Where the records below begin, start copying, and stop after the line that contains "ЩІЛЬНІ ШПАЛЕРИ СІРО"; reproduce every line exactly but omit pictures.

DATA START

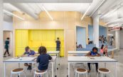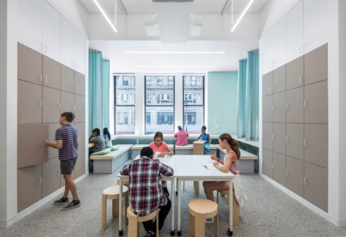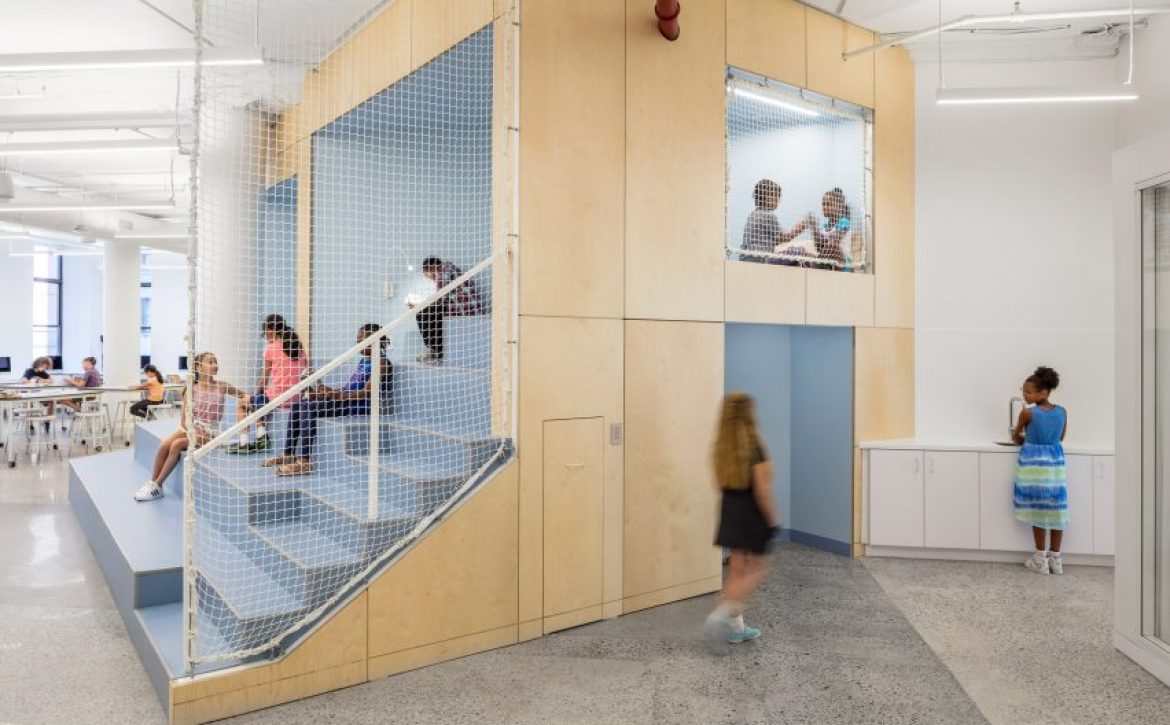 Κυριος στοχος ηταν να δημιουργήσουν ένα περιβάλλον που να είναι “παιχνιδιάρικο, και όχι παιδικό” για αυτό το σχολείο στο Μανχάταν. Το αρχιτεκτονικο γραφειο Α+Ι, ήθελε να αποφύγει τη χρήση στοιχειων, όπως πολλα χρώματα ή τις κλασσικες τοιχογραφίες/διακοσμητικα στοιχεια που συνήθως βρίσκονται στις αίθουσες διδασκαλίας. Το αποτελεσμα μαγικο: χωροι με αρμονια, οπου το ματι δεν ‘σκονταφτει’ σε αχρηστες πληροφοριες.
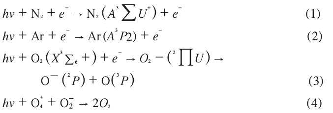 通過等離子體輻射的紫外光高能電子與中間氣態(tài)分子混合相互作用,這些由電子激發(fā)產(chǎn)生的活性物質(zhì),即參加反應的活性種粒子,其產(chǎn)生過程如下:
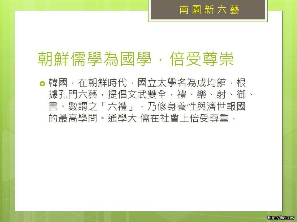 而韓國更是自許為儒家傳人,在朝鮮時期,儒學貴為國學,倍受尊崇,國立太學名為成均館,根據孔門六藝,提倡文武雙全,禮、樂、射、御、書、數謂之「六禮」,乃修身養性與濟世報國的最高學問。通學大儒在社會上更倍受尊重,
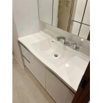 既存の洗面鏡をそのままで、下台だけTA社のリジャストに交換いたしました。 下台交換のみにすることで収納力と清掃性はアップ。費用面は洗面一式より抑えられます。
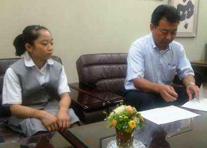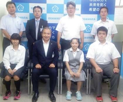 8月の全国中学校体操大会に出場した2年生の蛭海和さんが、栢沼行雄教育長さんを訪れ、関東大会と全国大会出場の報告をしました。蛭海さんだけでなく、写真(下)のように他校(国府津中の陸上、鴨宮中の卓球)の全国大会出場者も一緒です。
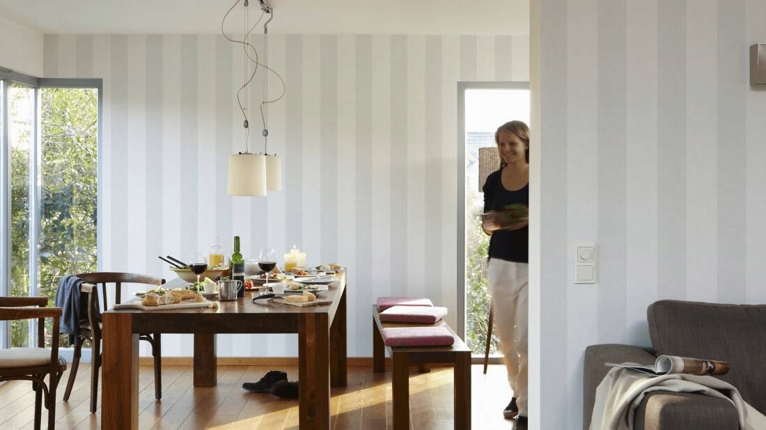 ЩІЛЬНІ ШПАЛЕРИ СІРО БІЛА СМУЖКА ЗНІМНІ ШПАЛЕРИ
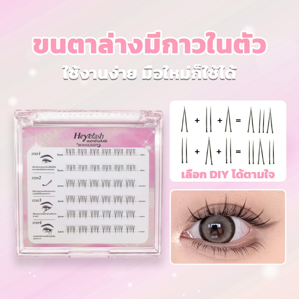 【ส่งด่วนจาก กทม.】HeyeLash ขนตาล่างจับช่อมีกาวในตัวรุ่น #Moonlight ทรงธรรมชาติ ยาว 5-6มม. ไม่ง้อกาว
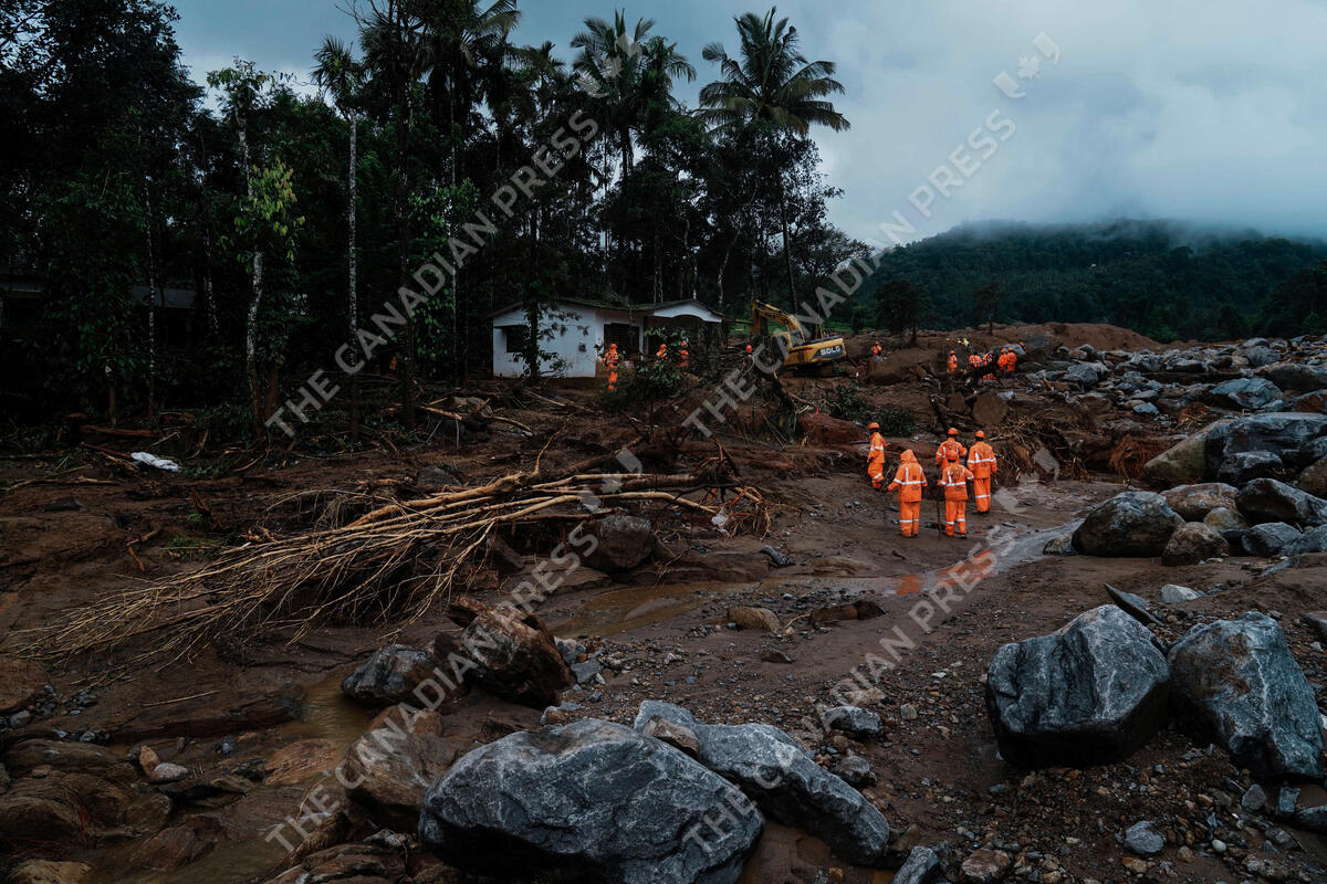 Rescuers search through mud and debris for a third day after landslides set off by torrential rains in Wayanad district, Kerala state, India, Thursday, Aug. 1, 2024. (AP Photo/Rafiq Maqbool)

DATA END

ANSWER TO THIS TASK:
 Κυριος στοχος ηταν να δημιουργήσουν ένα περιβάλλον που να είναι “παιχνιδιάρικο, και όχι παιδικό” για αυτό το σχολείο στο Μανχάταν. Το αρχιτεκτονικο γραφειο Α+Ι, ήθελε να αποφύγει τη χρήση στοιχειων, όπως πολλα χρώματα ή τις κλασσικες τοιχογραφίες/διακοσμητικα στοιχεια που συνήθως βρίσκονται στις αίθουσες διδασκαλίας. Το αποτελεσμα μαγικο: χωροι με αρμονια, οπου το ματι δεν ‘σκονταφτει’ σε αχρηστες πληροφοριες.
 通過等離子體輻射的紫外光高能電子與中間氣態(tài)分子混合相互作用,這些由電子激發(fā)產(chǎn)生的活性物質(zhì),即參加反應的活性種粒子,其產(chǎn)生過程如下:
 而韓國更是自許為儒家傳人,在朝鮮時期,儒學貴為國學,倍受尊崇,國立太學名為成均館,根據孔門六藝,提倡文武雙全,禮、樂、射、御、書、數謂之「六禮」,乃修身養性與濟世報國的最高學問。通學大儒在社會上更倍受尊重,
 既存の洗面鏡をそのままで、下台だけTA社のリジャストに交換いたしました。 下台交換のみにすることで収納力と清掃性はアップ。費用面は洗面一式より抑えられます。
 8月の全国中学校体操大会に出場した2年生の蛭海和さんが、栢沼行雄教育長さんを訪れ、関東大会と全国大会出場の報告をしました。蛭海さんだけでなく、写真(下)のように他校(国府津中の陸上、鴨宮中の卓球)の全国大会出場者も一緒です。
 ЩІЛЬНІ ШПАЛЕРИ СІРО БІЛА СМУЖКА ЗНІМНІ ШПАЛЕРИ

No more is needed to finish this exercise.